Мессерер Борис Асафович
Шрифт:
Может, это была Сорбонна? Но нет, Сорбонну советские презирали. Какой-то студенческий клуб. Мы пошли. Студенты там были, напитки разные подавались. Сурков внимательно следил. Я говорю:
— Александр Трифонович, обойдется. Я буду, как вы.
Нас спрашивают:
— Что будете пить?
И я сказала:
— Пепси-колу.
Твардовский спрашивает:
— Что это такое?
Я:
— Это такой напиток.
Он попробовал, отплевывался. И смех, и слезы:
— И что, они это пьют?!
— Они много чего пьют, иногда «Бордо», но вы же не будете.
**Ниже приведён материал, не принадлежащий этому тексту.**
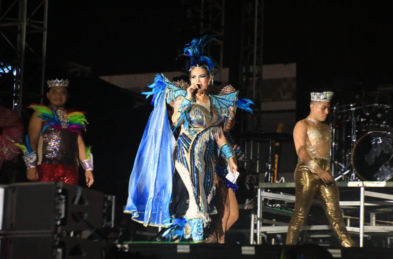 Lili Campos acompañó a los reyes y reinas soberanos electos, sus comparsas y carros alegóricos, al concluir, se reunieron en la plaza cívica 28 de Julio, donde las miles de personas reunidas disfrutaron la presentación del cantante “Sebastián Yatra”, puso a cantar y bailar a todo el público asistente con “Tacones Rojos”, “Traicionera”, “Como Mirate”, “Pareja del Año” entre otros éxitos.
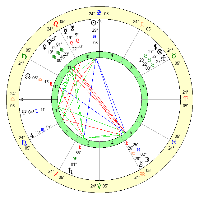 | Sun | 29 Cancer 8 | 0 Leo 8 | 2 Libra 51 |

Этот напиток произвел на Александра Трифоновича такое ужасное впечатление, чудовищное. Он даже подумал, что это что-то ядовитое. Но тем не менее Суркова это утешило.
После этой встречи Твардовский объявил Суркову, что плохо себя чувствует и хочет вернуться в Москву. И он действительно вернулся раньше всех. Мне он сказал:
— Изабелла Ахатовна, я хочу уехать, мне здесь тяжело.
Я ему ответила:
— Александр Трифонович, я тоже не ощущаю себя в каком-то приволье. Я знаю, откуда я и куда.
Твардовский уезжал. Еще нужно было дождаться, когда этот самолет «Париж—Москва». И он говорит:
— Прошу вас, возьмите у меня деньги, а то куда мне их девать-то. Мне ничего не надо, покупать я ничего не буду, а вы, может быть, купите себе что-нибудь.
— У меня есть деньги, достаточно.
— Вы можете ради меня купить себе ботинки? Я не могу видеть, как на каблуках вы ходите.
А я на высоченных каблуках ходила, на шпильках, было тогда модно, и очень страдала на булыжных мостовых.
— Да я же не ношу ботинки.
— Ну, полуботинки.
Это была душевность с его стороны, но никаких денег я не взяла. Александр Трифонович уехал, а я размышляла о том, что его душа была уязвлена чем-то. Сложный, трагический образ Твардовского. Он, действительно, выхлопотал для меня эту поездку, а сам Париж покинул, потому что там томился.
Когда Твардовский улетел в Москву, приехал Роберт Рождественский. Оставался еще Вознесенский. Всем этим поэтическим сборищем ведали Эльза Триоле и Арагон. Она была абсолютно советский человек. И только то, что она хотела, то и рекламировалось. Она привечала Вознесенского, а про меня говорила: «Посмотрите на эту советскую Брижит Бардо!».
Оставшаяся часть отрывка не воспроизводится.